И вдруг новая весть заставила встрепенуться сердце каждого литовца. Удивительно радостная весть в эти невеселые годы! Вильнюс, узкие переулки и светлые башни которого Юргис видел еще в детстве, снова вернулся к Литве. Вильнюс вернула Литве страна, которую ненавидел Пятрас, которую ругали многие журналисты Каунаса, сидя за столиками в кафе Конрада, о которой с пеной у рта шептались в своих пышных и безвкусных салонах министры и дамы. Он помнит, как отец, потирая от радости руки, ходил по столовой и все повторял:
— Вот где благородное сердце, вот кто нас понял!.. А наша власть думала вернуть Вильнюс за гроши, которые все эти годы собирал Союз освобождения Вильнюса. Хотели вернуть город одними разговорами о том, что Вильнюс — столица Литвы и что мы разгромим поляков. И вот, пожалуйста — Вильнюс наш. Нашлись в мире люди, которые разгадали наше самое заветное желание…

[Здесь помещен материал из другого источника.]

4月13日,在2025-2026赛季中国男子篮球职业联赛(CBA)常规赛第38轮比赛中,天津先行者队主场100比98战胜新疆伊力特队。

Дома все были взволнованы, не находили себе места. Хотелось куда-то идти, делиться своей радостью с другими. Юргис помнит — Эляна прибежала из университета раскрасневшаяся, с сияющими глазами, в распахнутом легком сером пальто. Он помнит, как она взбежала по лестнице, даже не постучавшись, бросилась в его ателье, закричала:
— Юргис, бежим в город, говорят, будет демонстрация… — и стуча спортивными туфлями, понеслась по лестнице вниз.
Большие синие глаза радостно сияли на ее детском лице. Она поправила волосы в прихожей у зеркала — руки дрожали, волосы не хотели слушаться — и, схватив брата за руку, потащила его на улицу.
Когда они прибежали к Военному музею, садик и улица Донелайтиса были уже полны людей. Поверх голов, на возвышении, на фоне трехцветных знамен, они увидели оратора, известного фашиста, получившего в Германии звание доктора наук, — подвывая, он кричал о великом соседе, показавшем литовской нации благородство своей души.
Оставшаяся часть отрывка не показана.